── EXERCISE MATERIAL ──

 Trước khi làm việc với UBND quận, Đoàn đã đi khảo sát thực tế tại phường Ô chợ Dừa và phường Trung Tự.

───
── EXERCISE MATERIAL ──

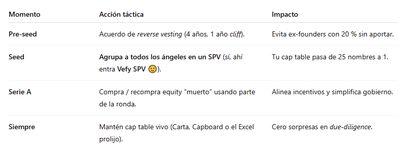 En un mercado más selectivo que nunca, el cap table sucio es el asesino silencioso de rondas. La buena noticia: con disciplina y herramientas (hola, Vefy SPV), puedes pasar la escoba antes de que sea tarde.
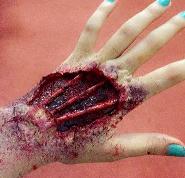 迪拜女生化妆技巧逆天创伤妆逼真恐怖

───

PROBLEM DETAILS: Once the line with "En un mercado" is found above, print it and every line after it through the line with "迪拜女生化妆技巧逆天创伤妆逼真恐怖", exactly. Pictures stay out.

EXPECTED ANSWER:
 En un mercado más selectivo que nunca, el cap table sucio es el asesino silencioso de rondas. La buena noticia: con disciplina y herramientas (hola, Vefy SPV), puedes pasar la escoba antes de que sea tarde.
 迪拜女生化妆技巧逆天创伤妆逼真恐怖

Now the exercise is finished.